The deep transfer learning classification has been used for many years in disease screening research. Santin et al[17]. performed transfer learning to characterize the abnormal cartilage by using a pretrained neural network VGG16 and adapted the final layers to a binary classification problem. The AUC, sensitivity, and specificity of their study were 0.72, 83%, and 64%, respectively. In an independent sample of 189 new thyroid images, the AUC was 0.70. Compared with this study, they all deployed a small dataset, but the performance of the Inception-ResNet-v2 architecture was significantly better than that of the VGG16. Similarly, Heisler M, et al. [18] demonstrated three different transfer learning methods to identify the cones in a small set of AO-OCT images using a base network trained on AO-SLO images, which all obtained results similar to that of a manual rater. Using the results from the fine-tuning (Layer 5) method, they calculated four different cone mosaic parameters that were similar to the results found in AO-SLO images, showing the utility of their method. Christopher et al. [19] demonstrated that deep learning methodologies have high diagnostic accuracy for identifying fundus photographs with glaucomatous damage to the ONH in a racially and ethnically diverse population. The best performing model was the transfer learning ResNet architecture, which achieved an AUC of 0.91 in identifying glaucomatous optic neuropathy (GON) from fundus photographs, outperforming previously published accuracies of automated systems for identifying GON in fundus images. These deep learning systems showed that the models can learn faster by employing transfer learning with fewer data.

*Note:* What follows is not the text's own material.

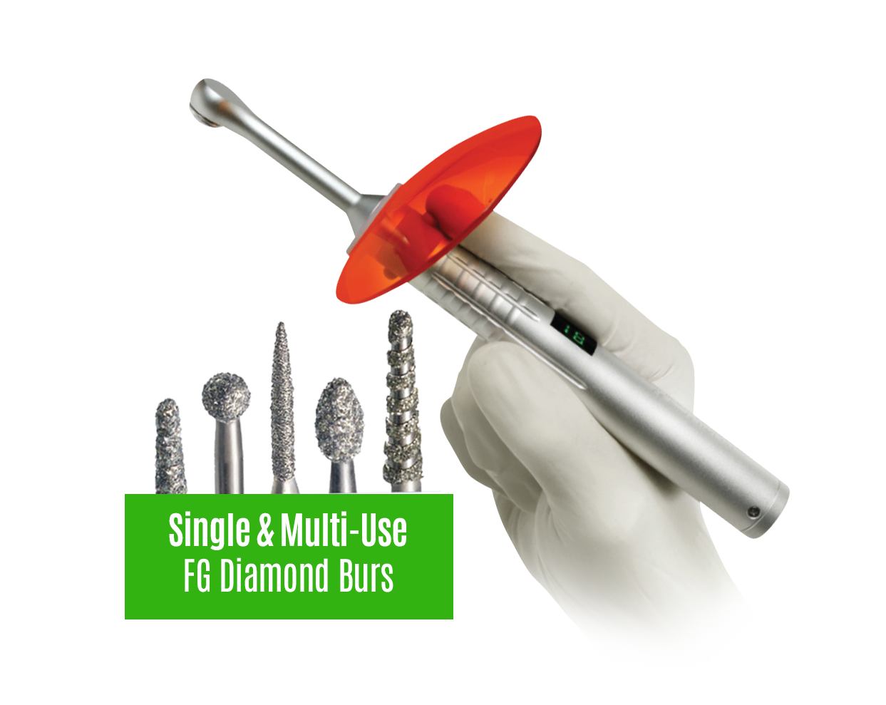 Buy any curing light and get two 25 packs of regular and large head diamond burs.

In this study, the reasons for false-negative cases of the testing datasets were analyzed. High myopic fundus accounted for approximately more than half of all false-negative cases. These results could contribute to our experts labeling mild myopic fundus as normal. Therefore, the model confused mild myopic fundus images and pathologic myopic images. In the same way, false-positive cases include mild myopic fundus. Other reasons for false negatives included peripheral retinal microlesions, vascular microlesions, optic neuritis, and congenital optic neuropathy.

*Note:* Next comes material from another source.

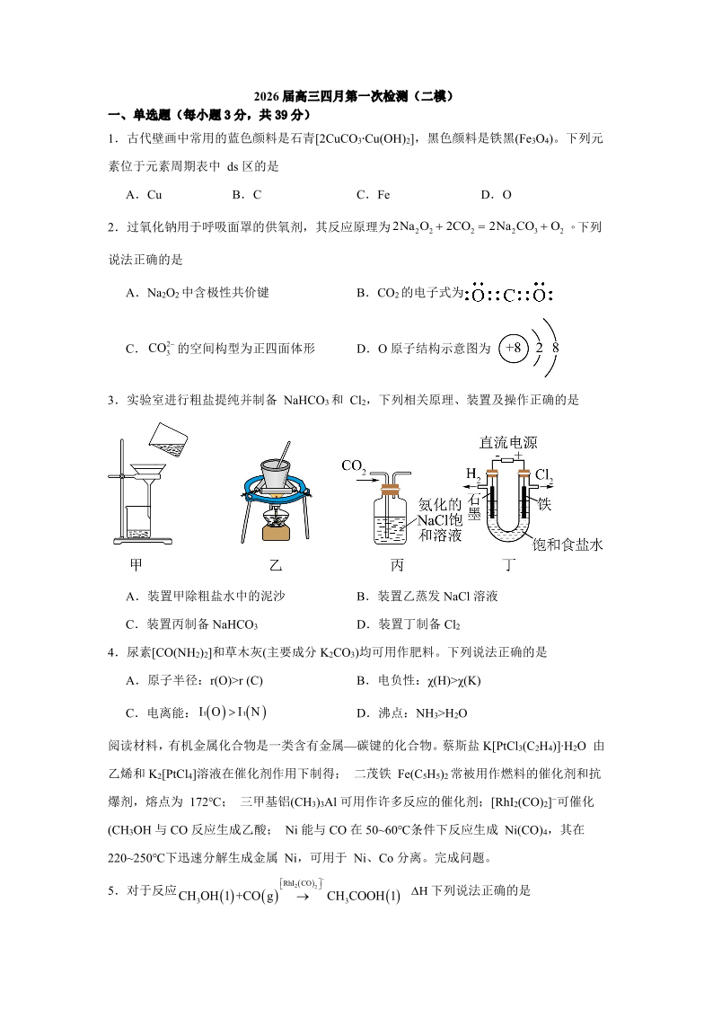 高三化学-江苏省南京市第六十六中学2026届高三四月第一次检测(二模)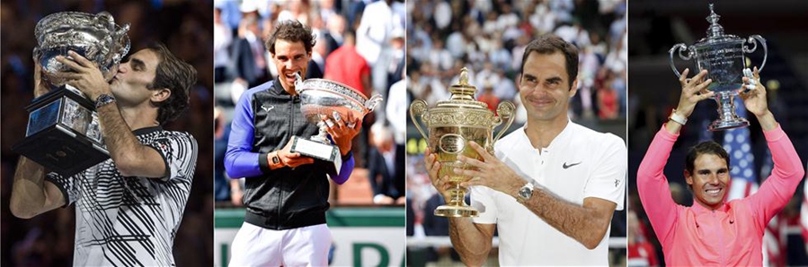 - 36-year-old Roger Federer and 31-year-old Rafael Nadal combined to sweep the men's singles titles at the four Grand Slam tournaments in 2017.

This study presented an automated screening model that was trained with a relatively smaller number of fundus images. It can attain clinically acceptable performance in abnormal fundus image detection and will benefit medical institutions with no retinopathy screening program or a lack of experienced ophthalmologists. Additionally, the study shows our proposed model with high accuracy and reproducibility in detecting abnormal fundus images, even though it trained with a limited dataset. The DTL will permit users to utilize relation-labeled graph data to construct a detection model for the target image data. In this study, the transfer learning algorithm shows a well-applied prospect in community health care centers for screening retinal disease. The techniques described in this study, with great potential, apply in other medical field image classifications.

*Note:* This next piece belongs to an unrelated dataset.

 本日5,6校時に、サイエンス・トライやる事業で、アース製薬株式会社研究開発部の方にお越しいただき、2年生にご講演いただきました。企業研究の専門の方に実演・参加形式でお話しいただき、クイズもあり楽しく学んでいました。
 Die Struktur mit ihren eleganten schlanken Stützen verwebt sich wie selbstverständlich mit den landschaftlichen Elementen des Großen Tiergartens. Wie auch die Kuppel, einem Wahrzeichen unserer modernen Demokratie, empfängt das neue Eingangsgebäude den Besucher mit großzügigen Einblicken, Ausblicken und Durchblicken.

DTL is surprisingly effective in image classification. However, our study in its current state has several limitations. First, due to a training set in which our experts labeled mild myopic fundus as normal, the DTL trained on this set accessed a higher than normal prior probability for eye disease detection, which may cause a high false-negative rate. Second, our study dataset is not large and includes only patients from a local clinical setting. At present, the algorithm cannot be independent or matched with professional evaluation, but it can provide abnormal fundus images with obvious diagnoses so that ophthalmologists can focus on more difficult cases.